With Israel having failed to rally international leaders to take action to stop Iran from going nuclear, the Jewish state is left with only one weapon in its arsenal to get the world to wake up to the Iranian nuclear threat: Bombing Iran. That, at least, is the theory Shmuel Rosner outlines in a piece in The New Republic:

According to this line of thinking, which has adherents among some high-ranking officials and former officials in the Israeli defense establishment, focusing on the tactical questions surrounding [an Israeli bombing operation against Iran]–how much of Iran’s nuclear program can Israel destroy? how many years can a bombing campaign set the program back?–is a mistake. The main goal of a hit would not be to destroy the program completely, but rather to awaken the international community from its slumber and force it to finally engineer a solution to the crisis. As one former Israeli official put it, any attack on Iran’s reactors–as long as it is not perceived as a military failure–can serve as a means of “stirring the pot” of international geopolitics. Israel, in other words, wouldn’t be resorting to military action because it is convinced that diplomacy by the international community cannot stop Iran; it would be resorting to military action because only diplomacy by the international community can stop Iran.

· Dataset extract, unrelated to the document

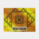 Drie stijlen van met de hand getekende fractals, met inbegrip van Sierpinski-driehoeken, Apollonian-pakkingen, en een vergelijkbaar vierkant ontwerp, vormen de lagen van dit geometrische mandala, bedekt met een helder geel en oranje verloop.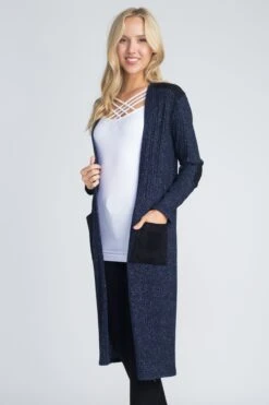City Girl Faux Suede Patch Lurex Knit Duster Cardigan

Hmm. Actually bombing Iran. That’s even more effective than warmongering.

If Israel actually does go ahead with a bombing run, Israeli pilots likely will face Russian-made anti-aircraft missiles in Iran, The New York Sun reports:

Apparently fearing Israel would act even before the end of the Bush administration, Iran is boosting its air defenses with advanced Russian-made antiaircraft systems. A first delivery of S-300 missile batteries is expected as soon as early September, an unidentified Israeli source told Reuters yesterday. The missiles can track 100 targets at once and fire on planes 75 miles away.

The latest Israeli warning about bombing Iran came Thursday from IDF chief of staff Gabi Ashkenazi, who is visiting Washington.